VLBA Correlator Memo No. <u>56</u>

### C S I R O Radiophysics Australia Telescope Project

#### Bandwidth Multiplication and Correlator Arrays λ Tutorial 5 February 1986

M S Ewing

#### 1 INTRODUCTION

Digital correlators for fringe detection and spectroscopy in radio astronomy operate on one or two input streams of data samples. The correlators may be arranged in two-dimensional arrays, e.g., in order to use slow logic elements to process fast data streams. This paper develops some general ideas of how to make use of arrays of correlators.

#### 2 BASIC CONCEPTS

<u>Elementary Correlator</u> - An elementary correlator accepts two data streams, multiplies them sample by sample, and accumulates the result for a specified integration time. For the purposes of this memo, the data sample resolution (number of bits/sample) is arbitrary, as are the details of the multiplier and accumulator. Symbolically, the elementary correlator computes the function

$$r(X,Y) = \sum_{i} (X[i] * Y[i])$$

over the integration period. In schematic form the elementary correlator may be drawn as in Fig. 1.

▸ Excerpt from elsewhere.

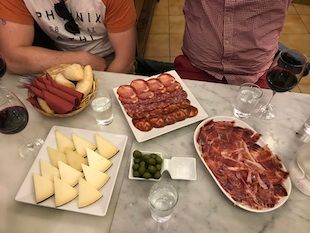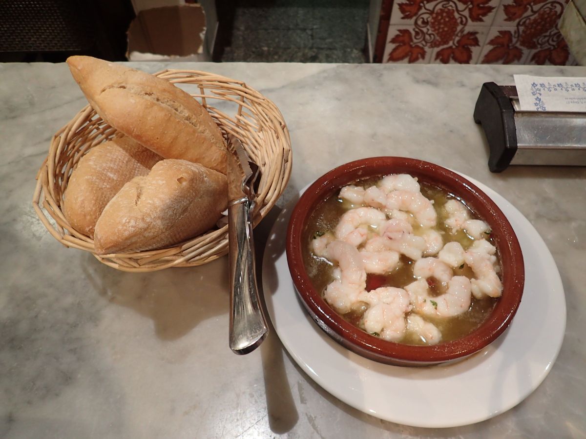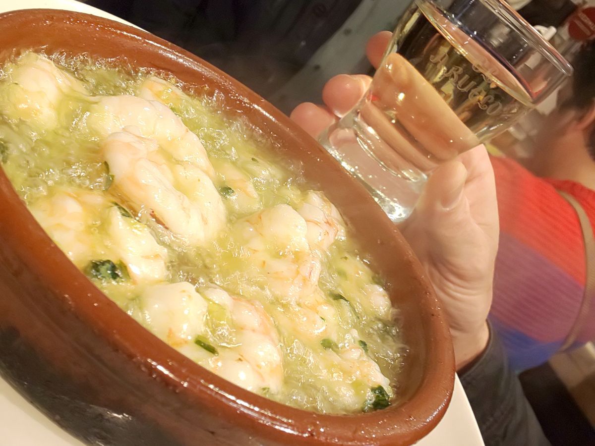 街中にバルがあふれているマドリード。一体どこに入っていいのか迷ってしまいますが、外れのない美味しいところに連れて行ってくださるので、安心してお任せしてました。同行はアメリカ人の2グループ。日本人は我々だけだったので、ちょっと寂しかったです。生ハムもいろいろな種類を選んでくれたし、海老のアヒージョが人気のバルにも行きました。熱々で美味しかったなあ。

<u>Correlator Array</u> - Elementary correlators may be connected in a 2-dimensional scheme called a correlator array. The location of an elementary correlator specifies its input data streams. An N x N array may be written

$$R(X,Y) = \begin{pmatrix} (r(X1,Y1) & r(X2,Y1) & \dots & r(XN,Y1) ) \\ (r(X1,Y2) & r(X2,Y2) & \dots & r(XN,Y2) ) \\ ( & \dots & & \dots & ) \\ ( & \dots & & \dots & ) \\ ( & r(X1,YN) & r(X2,YN) & \dots & r(XN,YN) ) \end{pmatrix}$$

Equivalently, an array may be drawn as in Fig. 2.



# Fig. 2. Correlator Array

Arrays of correlators are convenient, particularly in VLSI implementations, since the number of inputs (N) rises only with the square root of the number of elementary correlators. (In this memo we always deal with square correlator arrays.)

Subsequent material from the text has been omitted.